How this does not constitute as cruel or unusual punishment continues to confuse me? This is essentially torture, as prisoners are forced through inhumane conditions because of a fault on the justice system’s behalf.
The issue is not just gross and wrong, but also a matter of life and death.
One of the roots of overcrowding goes back to the beginning of most issues in the justice system: recidivism. With new prisoners coming in and old prisoners re-offending, the prisons have to account for both groups combined rather than losing old prisoners to make room for new ones.
The wrongful punishment continues as overcrowding can be largely attributed to sentencing itself.

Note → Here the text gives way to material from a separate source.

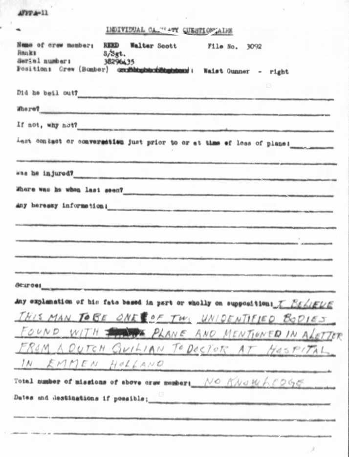S/Sgt Walter Reed was killed along with four other crew members.
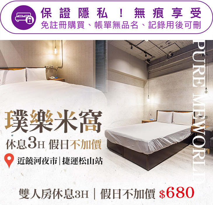 位於松山區繁華的商業地帶,鄰近於知名的饒河夜市與捷運松山站,交通非常便利,生活機能也相當方便。【台北璞樂米窩】在喧囂的市區中,為您提供一處舒適且隱約私密的空間,讓您在繁忙的工作中,暫時卸下疲憊、壓力,盡情放鬆、休息一番的好處所。

Say a prison can hold 2o people. 10 people are given life sentences, and sent to this prison. Five years into their prison sentence, another 5 people have committed a crime and been sent to this prison. Ten more years in, 15 people have now committed a crime, resulting in a prison holding 25 people where it has the capacity for 20.
Now translate this to something much more large-scale, or tag a “-thousand” onto the numbers I provided. That marks the seriousness of this conflict.
Not only does overcrowding hurt the prisoners themselves, but also the prison staff, as they become stressed having to supervise more prisoners than what is normal and feasible.
The lack of resources available to be allotted to each prisoner, the issues with cleanliness and spread of disease, and the issues related to mental health — essentially every issue present in the US criminal justice system — has some beginnings in overcrowding.
To function properly, a prison must be within its resources. To not be at this threshold and instead, allow for degrading practices, equates the crime of the prisoner with the crime of the system.